『自宅のトイレが異世界に!転生者の美女2人と男1人に出会ったので、現代技術を使って産業革命を起こすことにしました』

姜維信繁

第1話 『価値なき歯車と、異次元の扉』

 2025年9月5日(金) <田中健太・52歳>


 ガチャリ。


 トイレのドアノブをひねって一歩、足を踏み出す。


 その瞬間、オレの世界は音を立てて書き換えられた。


「……ん?」


 鼻をついたのは強烈なアンモニア臭。


 湿った土とカビ、そして濃密な植物が発するような、生命の匂い。


 目に映ったのは、暖色のLED電球に照らされたトイレではなく、ゴツゴツとした岩肌がどこまでも続く、広大な洞窟だった。


「……は?」


 脳が理解を拒絶する。


 酔っているのか? いや、缶ビール1本でこんな幻覚を見るほど、オレの脳は安くできていない。


 でも膀胱が限界を訴える声には逆らえなかった。


 オレはまるで金縛りにあったかのように、その場で立ち尽くしたまま洞窟の土の床にした。


 じょぼぼぼぼ……。


 生々しい音と当時に立ち上る湯気。


 家のトイレから漏れ出す光が洞窟の闇を照らしている。


 恐る恐る振り返れば、そこには確かにオレの住むマンションの廊下があった。

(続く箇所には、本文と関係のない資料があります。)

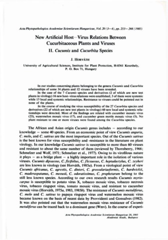 Horváth, József (1985) New Artificial Host-Virus Relations Between Cucurbitaceous Plants and Viruses II. Cucumis and Cucurbita species. ACTA PHYTOPATHOLOGICA ACADEMIAE SCIENTIARUM HUNGARICAE, 20 (3-4). pp. 253-266. ISSN 0001-6780
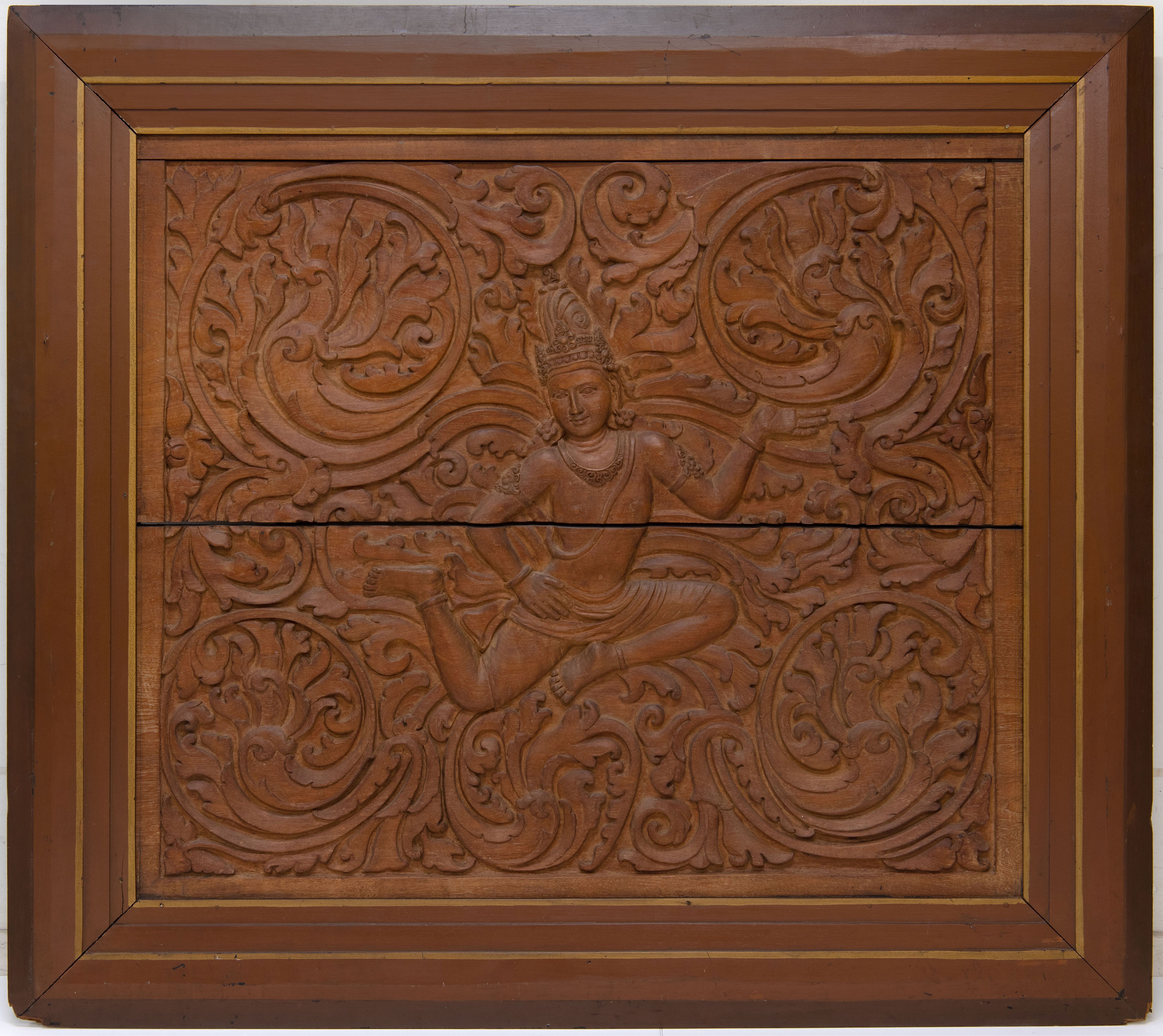 Houten plank met vermoedelijk een bodhisattva geïnsp...

ドアのフレームを境界線として、こちら側は文明、向こう側は完全な未知。


 ……これは、現実だ。


 だというのに、なぜだろう。


 パニックになるべきこの状況で、オレの心のどこか一部分は、奇妙なほど冷静だった。





 オレの名は、田中健太。52歳。


 航空機エンジン設計事業本部、取締役技術顧問。


 肩書だけは重々しいが、その実態は、実務の第一線から完全に引き剥がされた飼い殺しの名誉職だ。


 かつて、オレがコンマ1ミリの精度に魂を燃やした日々は遠い昔。今のオレの仕事は、誰からも読まれることのない技術レポートをまとめ、当たり障りのない決裁印を押すだけ。


 巨大な機械の歯車ですらない。


 動きを止め、ただ錆び付いていくだけの、忘れ去られた部品。


 そんな人生の、終着駅。


 それに比べれば、この訳の分からない状況は――。


 ……いや、感傷に浸っている場合じゃない。


 しかしオレは機械工学者だ。パニックに陥っても、すぐに分析と仮説構築を始めてしまう。


 職業病だな。





『ブレーン宇宙論』





 脳裏に浮かんだのは、現代物理学の仮説の1つ。


 この世界(宇宙)は、高次元空間に浮かぶ膜(ブレーン)のようなもので、すぐ隣に、別の宇宙膜が存在するという理論。


 パンのスライスみたいなもんだ。


 何かの拍子に2つのブレーンが接触して、極小のワームホールが形成された……?


「……ありえない。だけど、目の前の現象を説明するには、それくらい突飛な仮説が必要だ」


 オレは一度ドアを閉めて部屋に戻ると、道具箱からありったけの計測機器をかき集めた。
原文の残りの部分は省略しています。